**EXERCISE:**
Exclude the pictures, and otherwise reproduce the data in full.

Segment Start: RECORDED DATA

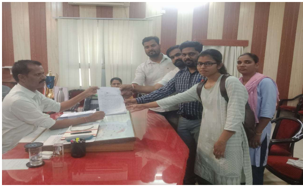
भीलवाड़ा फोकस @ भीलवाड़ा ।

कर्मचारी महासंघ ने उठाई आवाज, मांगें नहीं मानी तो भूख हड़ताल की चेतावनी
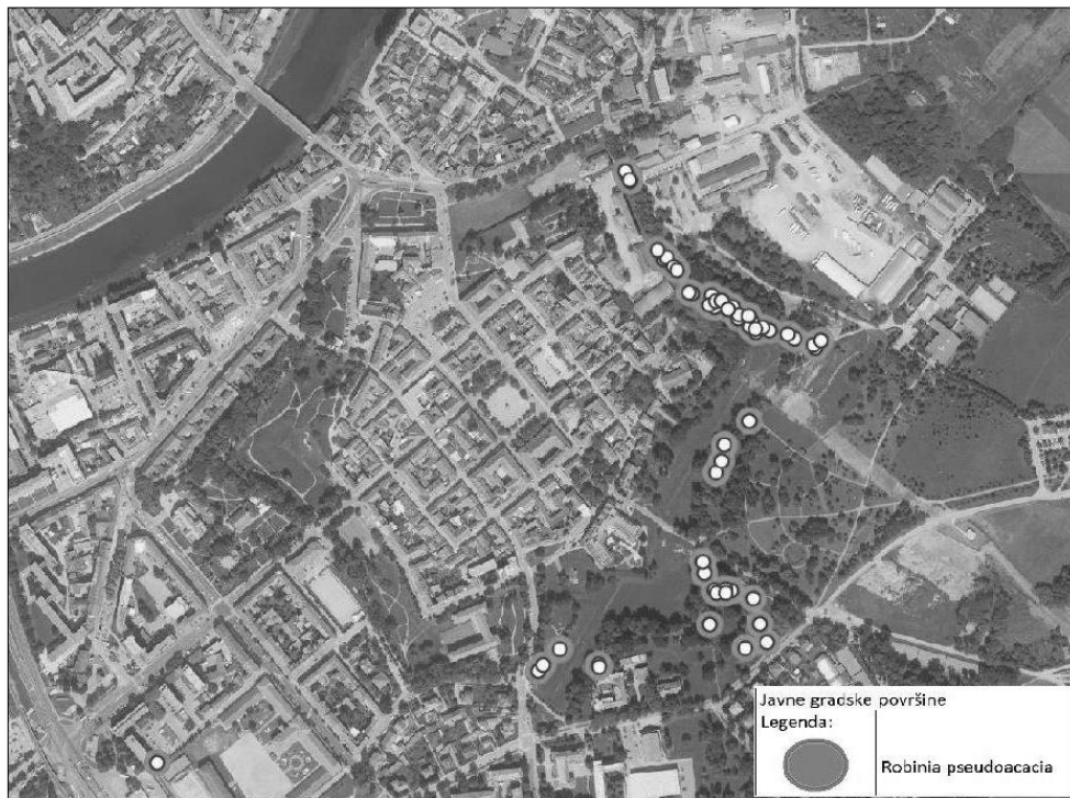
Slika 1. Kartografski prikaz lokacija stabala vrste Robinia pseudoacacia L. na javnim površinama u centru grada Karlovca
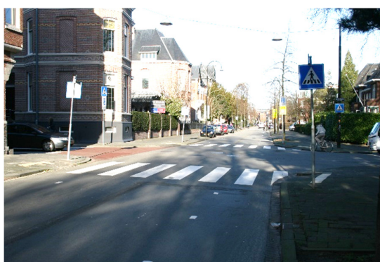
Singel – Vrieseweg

Segment End: RECORDED DATA

**YOUR RESPONSE:**
भीलवाड़ा फोकस @ भीलवाड़ा ।

कर्मचारी महासंघ ने उठाई आवाज, मांगें नहीं मानी तो भूख हड़ताल की चेतावनी
Slika 1. Kartografski prikaz lokacija stabala vrste Robinia pseudoacacia L. na javnim površinama u centru grada Karlovca
Singel – Vrieseweg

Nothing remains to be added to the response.